The AskPhilosophers logo.

Language
Mathematics

Could there be more than a countably infinite number of propositions?
Accepted:
October 3, 2009

Comments

Jasper Reid
October 5, 2009 (changed October 5, 2009) Permalink

If the term 'proposition' is used to mean a sentence -- a string of symbols, be they spoken, written, gesticulated or whatever -- then I suppose there could be uncountably many propositions if we allow there to be propositions of infinite length. In that case, one ought to be able to diagonalise on them just as one does with the infinite decimal expansions of the real numbers. But I think it's reasonable to stipulate that we're only going to countenance finitely long sentences. After all, they wouldn't be much use in communication, if you could literally never get a sentence out.

Alternatively, if the set of symbols is itself uncountable, then that will certainly lead to an uncountable infinity of strings of such symbols. But it seems reasonable to stipulate against that case too. Communication would once again be thwarted, because we don't seem to have the perceptual capacity to discriminate between uncountably many different symbols -- indeed, our discriminatory abilities probably only extend to a finite (though no doubt very large) number.

But 'proposition' has been used in other ways over the years. So what if we take it to mean not the string of symbols itself, but rather the non-linguistic thing that such a sentence is expressing: a thought, or something of that kind? Well, then maybe there could be uncountably many propositions: we'd need to have a great deal more spelt out about the details of this notion before we'd be in a position to assess that. But (leaving aside any eccentric conceptions of sentences and symbols like those just discussed) there could no longer be a one-to-one correspondence between propositions and sentences. For there to be uncountably many propositions, while there are only countably many sentences, either there would need to be propositions that couldn't be expressed by sentences, or else a single sentence would need to correspond to multiple propositions at once. Either way, it would mean that sentences couldn't do a very good job of expressing propositions any more -- but that was surely the very thing that sentences were invented for in the first place.

  • Log in to post comments

Richard Heck
October 6, 2009 (changed October 6, 2009) Permalink

If I remember correctly, and I may well not, David Lewis explicitly argues that there are uncountably many propositions in Plurality of Worlds and uses this as an argument against any view that would try to reduce propositions to sentences. At the very least, he does consider this issue. So here's an argument that I think I remember from that book that we can consider, anyway. It is based upon the claim that, for any real number x, there ought to be a proposition---a possible content of thought---that I am shorter than x inches tall. Indeed, each such proposition could be expressed by a sentence. All we have to do is give the real number x a name, say, "Fred", and then the proposition will be expressed by the sentence "I am shorter than Fred inches tall". But if so, then there are at least as many propositions as there are reals.

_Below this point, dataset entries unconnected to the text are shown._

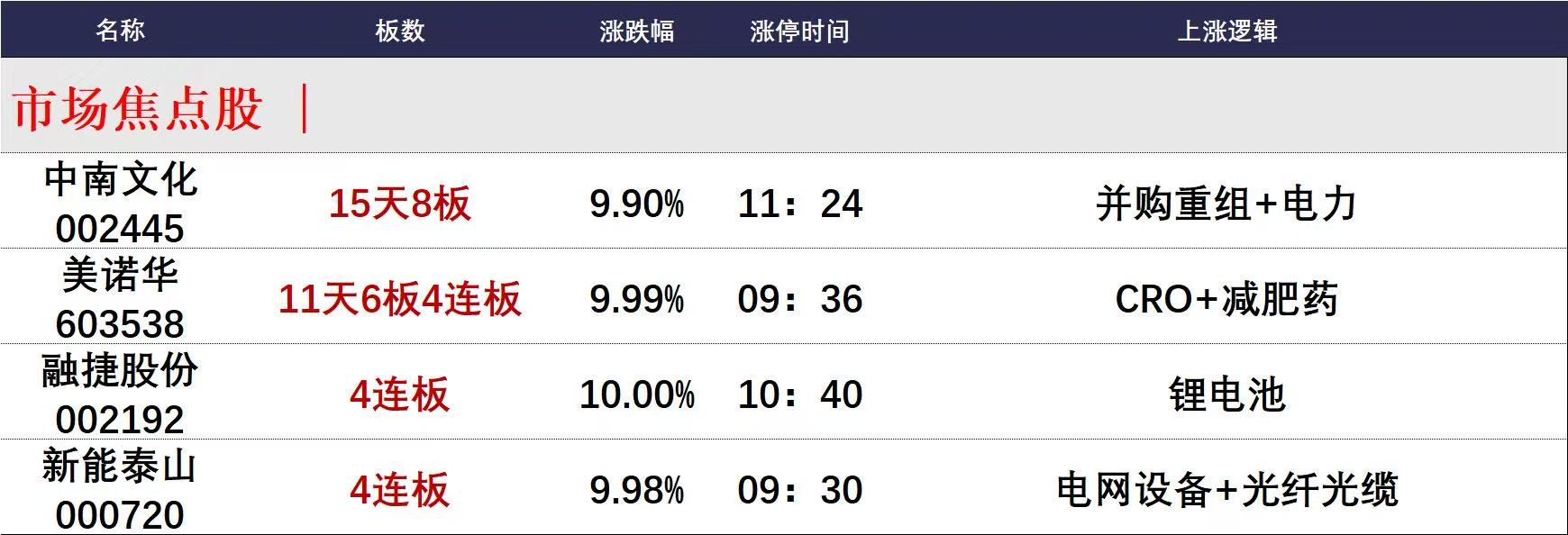 今日午盘全市场共54股涨停,连板股总数10只,11股封板未遂,封板率为83%(不含ST股、退市股)。焦点股方面,并购重组的中南文化15天8板,减肥药概念股美诺华11天6板,锂电池板块融捷股份4连板,电网设备板块新能泰山4连板。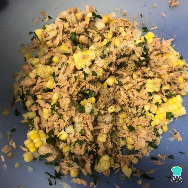 1 - Comece colocando em um bowl o atum, a cebola picada, o milho verde, a salsinha e o sal. Misture bem e reserve. Esse é o recheio desta receita de torta sem trigo.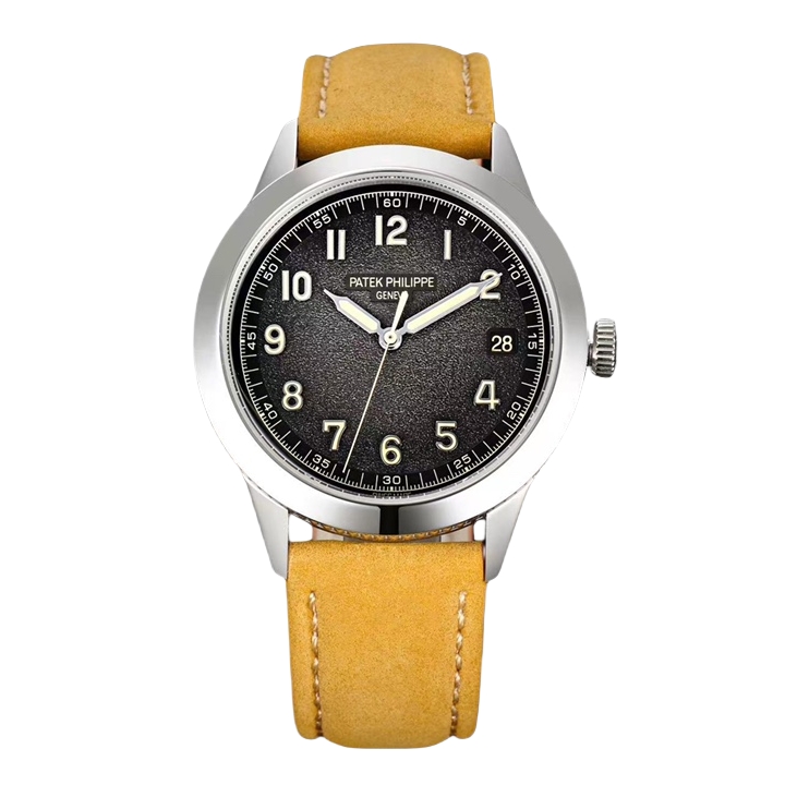 Patek Philippe Calatrava 40mm Carbon Gray Dial Steel Bezel Yellow Suede Strap 5226G-001

The key to this argument, note, is the observation that the claim "For every proposition p, there could be a sentence S that expressed it" is much weaker than "For every proposition p, there is a sentence S that expresses it". It's the latter that the reductionist needs. But the argument needs only: If there could be a sentence S that meant that p, then there is a proposition that p---assuming that other, uncontroversial conditions required for the proposition to exist are met. E.g., there might have been propositions other than the ones there are, because there might have been people other than the ones there are, and then there would have been propositions about them that there in fact aren't. But that's not what's happening in this case.

That there should be uncountably many propositions for this kind of reason does not, so far as I can see, imply anything bad about the possibility of communicating. Each actual (meaningful) sentence corresponds to---that is, expresses---just one proposition (modulo worries about context). But there are lots of propositions that are not, in fact, expressed by any sentence.

My own preference, for what it is worth, is to refuse to talk of propositions, period. But that's a different matter. If we are going to talk of propositions, then it actually seems quite hard, for the reasons just given, to keep them countable.